**Description of the task:**
Reproduce only this range: the line holding "NGẮM LÀNG CHÀI" through the last line of the data below, both included, exactly, with no pictures.

**Available data:**
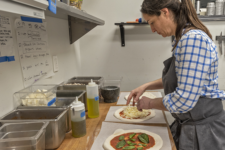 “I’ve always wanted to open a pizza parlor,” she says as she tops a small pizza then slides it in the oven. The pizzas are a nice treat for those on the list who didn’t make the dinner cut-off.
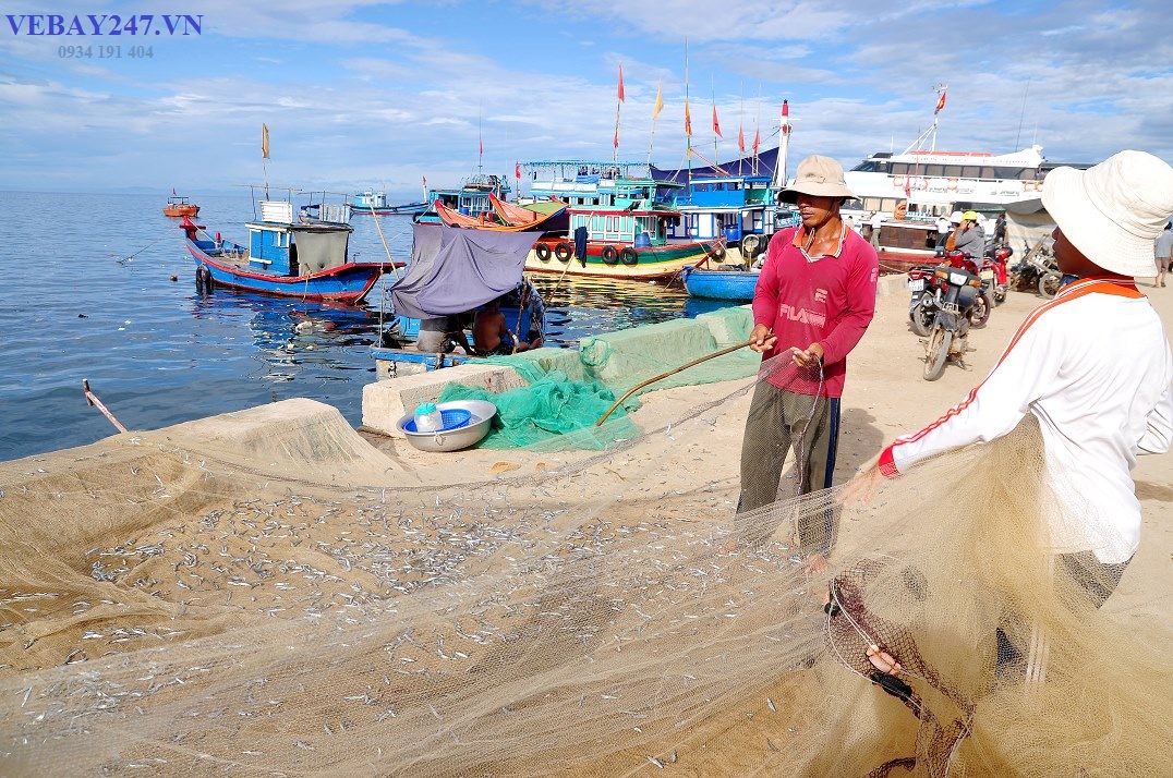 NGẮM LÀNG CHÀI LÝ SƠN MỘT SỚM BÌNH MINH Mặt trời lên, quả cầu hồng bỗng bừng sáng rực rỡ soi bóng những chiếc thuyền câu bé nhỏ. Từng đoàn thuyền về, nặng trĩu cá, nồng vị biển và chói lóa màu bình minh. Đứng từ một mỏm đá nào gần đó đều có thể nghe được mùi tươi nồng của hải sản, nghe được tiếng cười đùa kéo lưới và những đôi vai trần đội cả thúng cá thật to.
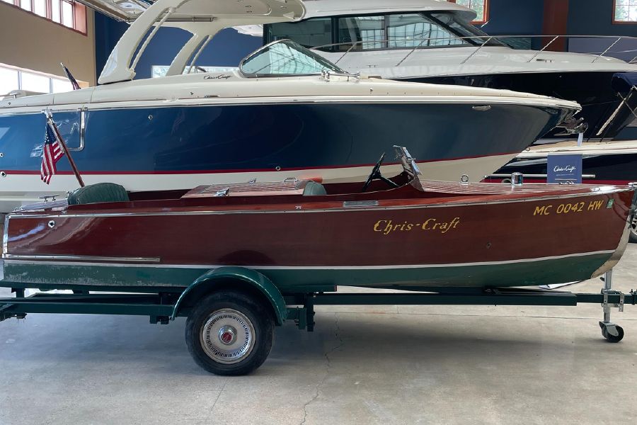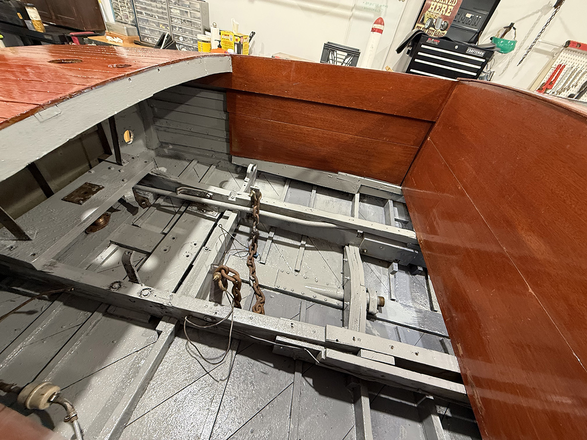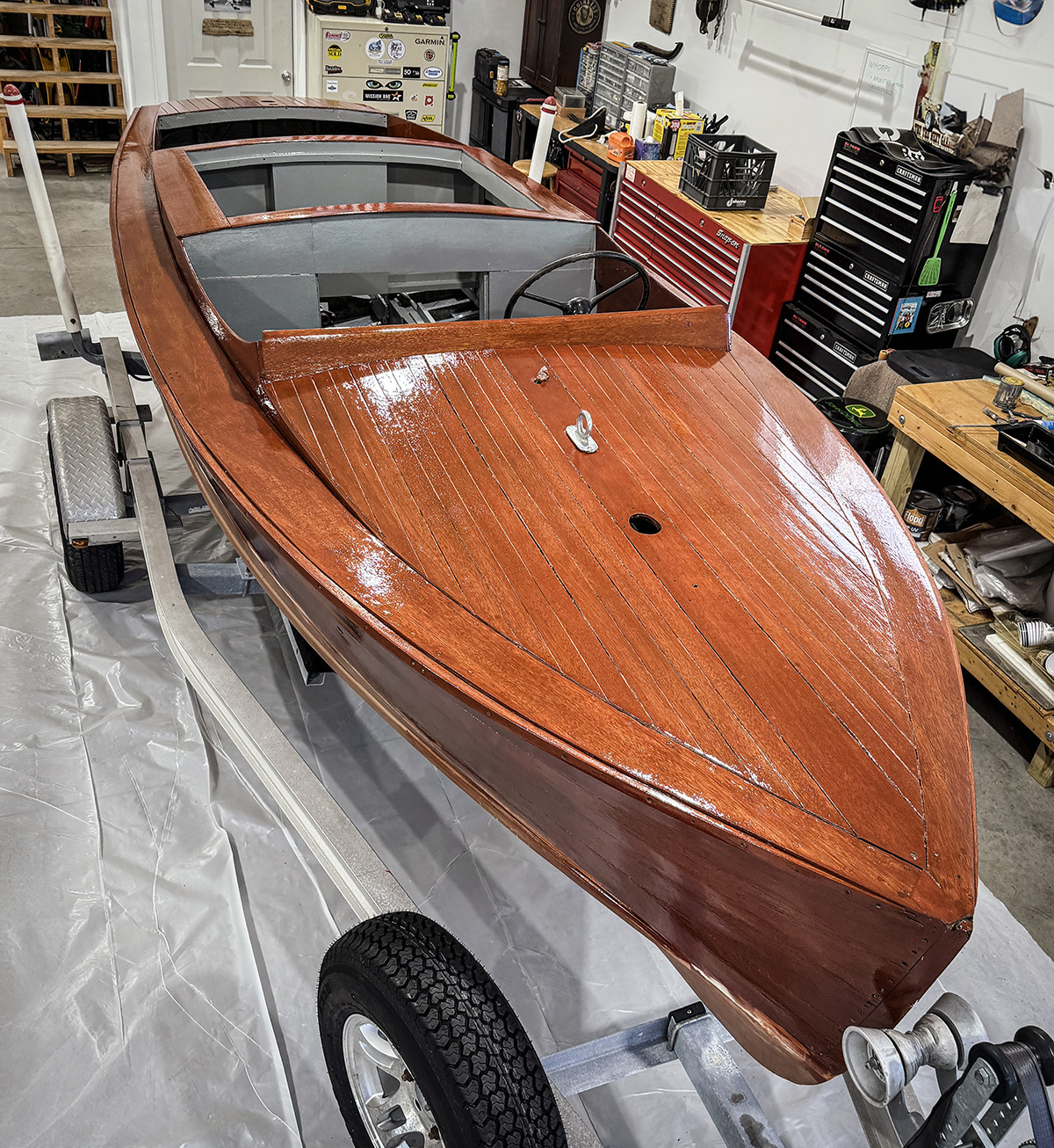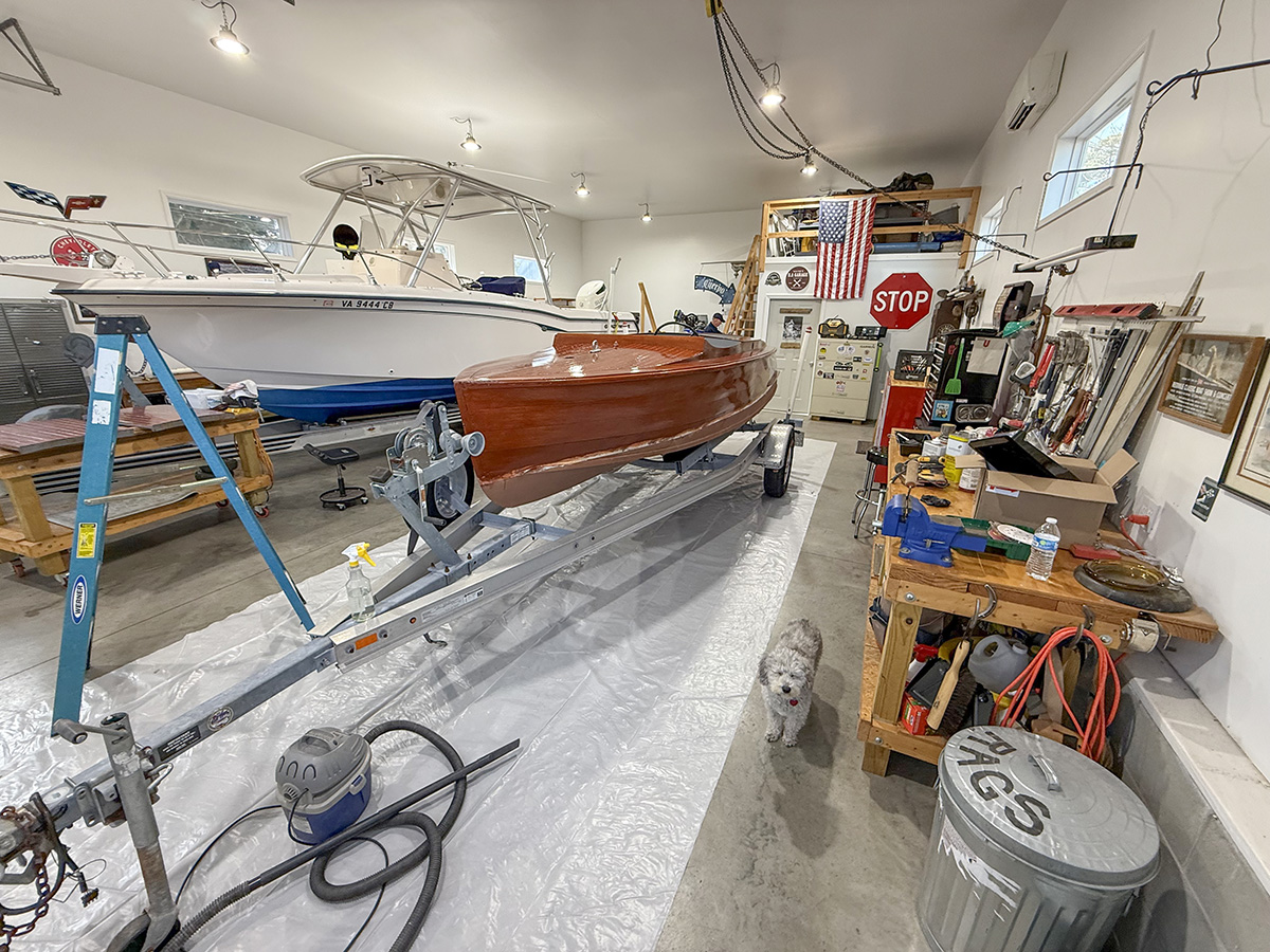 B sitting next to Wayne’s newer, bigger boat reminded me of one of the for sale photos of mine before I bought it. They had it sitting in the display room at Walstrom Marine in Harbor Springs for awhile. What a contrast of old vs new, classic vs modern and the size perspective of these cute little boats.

**Written response:**
 NGẮM LÀNG CHÀI LÝ SƠN MỘT SỚM BÌNH MINH Mặt trời lên, quả cầu hồng bỗng bừng sáng rực rỡ soi bóng những chiếc thuyền câu bé nhỏ. Từng đoàn thuyền về, nặng trĩu cá, nồng vị biển và chói lóa màu bình minh. Đứng từ một mỏm đá nào gần đó đều có thể nghe được mùi tươi nồng của hải sản, nghe được tiếng cười đùa kéo lưới và những đôi vai trần đội cả thúng cá thật to.
 B sitting next to Wayne’s newer, bigger boat reminded me of one of the for sale photos of mine before I bought it. They had it sitting in the display room at Walstrom Marine in Harbor Springs for awhile. What a contrast of old vs new, classic vs modern and the size perspective of these cute little boats.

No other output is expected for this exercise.